The incident occurred in August at the Seneca Park Zoo in Rochester, New York, when Lowell, a 19-year-old male, gained access to one side of 1931-built dual cage enclosure where zoo volunteer Paul Louis was cleaning. The 300-pound orang, which had come to the zoo two years before from the Wildlife Sanctuary in Los Angeles, California, grabbed hold of Louis’ leg and wouldn’t let go as they fell out of the cage through the keepers’ door.

Louis didn’t panic. Nor did he try to escape. He calmly talked with Lowell and patted his head as they walked down a hallway and then returned to the cage, where Lowell actually helped Louis back up into the enclosure, all the while grasping the volunteer’s leg. “Paul remained amazingly calm,” said Shaunta Collier-Santos, public relations and marketing manager for Seneca Park Zoo Society.

That calm remained as Jeff Wyatt, the zoo’s director of animal health and conservation, arrived and began talking Lowell through husbandry behavior, first to determine whether to use a tranquilizer dart gun on the orangutan or to use a hand injection. As Lowell responded to all commands correctly, Wyatt said, “Give me your shoulder.” Lowell complied, and once tranquilized he released his grip on Louis. The whole episode lasted no more than 15 minutes, Collier-Santos said, and occurred in the hour before the zoo opened to the general public but after members had gained early admission. Only a couple of guests where near the orangutan enclosure at the time.

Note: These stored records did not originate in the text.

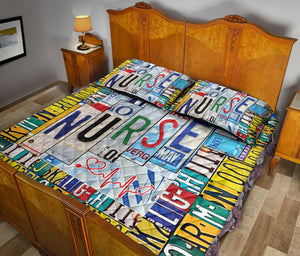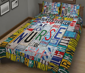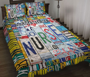 Personalized Nurse Quilt Set, Nurse Nursing Scrub Nurse Quilt Blanket With Pillowcases, Custom Name Quilt Bedding Set
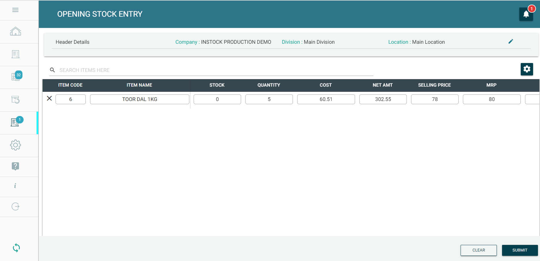 Step 10: You will find the Opening Stock Entry to be submitted, and the OSE No. is generated successfully.
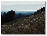 富士居山から正味50分ほどで、向山に到着しました。山頂に、NHKの施設があります。展望はありません。そして向山を越えると、ほぼ平坦な道となり、大峰に到着しました。きょうの最終目的地です。やはり展望はなく、感慨もありません。立ったまま、まだ温かかったココアを飲みました。そして頑丈そうな枝を拾い、これをストック代わりにして、下山の途に就きました。やや急勾配な道に、かなり落ち葉が積もっているので、滑らないよう、慎重に下っていきます。

The hero was Louis, precisely because he reacted exactly as he should. “Did he ever,” Collier-Santos said. “I have to say he was so calm that it was almost unbelievable. We had folks from 911, the police and (EMTs), and we had to force him to get his vitals checked. Then we told him to go home, and he said, ‘No, I’ve got to go back and finish my work.’ He was adamant about doing his duties. And he’s still volunteering.”

At the time Louis had only been volunteering at Seneca Park Zoo three months, and his reaction to the episode highlighted how volunteers need training in such protocols, though he had never himself been fully prepared for such a possibility. “There is orientation for volunteers, do’s and don’t’s, but not that in-depth,” Collier-Santos said. “We do train them on animal escape protocol, tell them what they should do. But we’ve never built any drills around that. Now we do.”

Collier-Santos said all the protocols in place for animal escapes were “followed to the letter,” though the animal didn’t escape. “We had been practicing and going through drills to prepare for animal escapes. But we’d never practiced anything with a hostage situation.”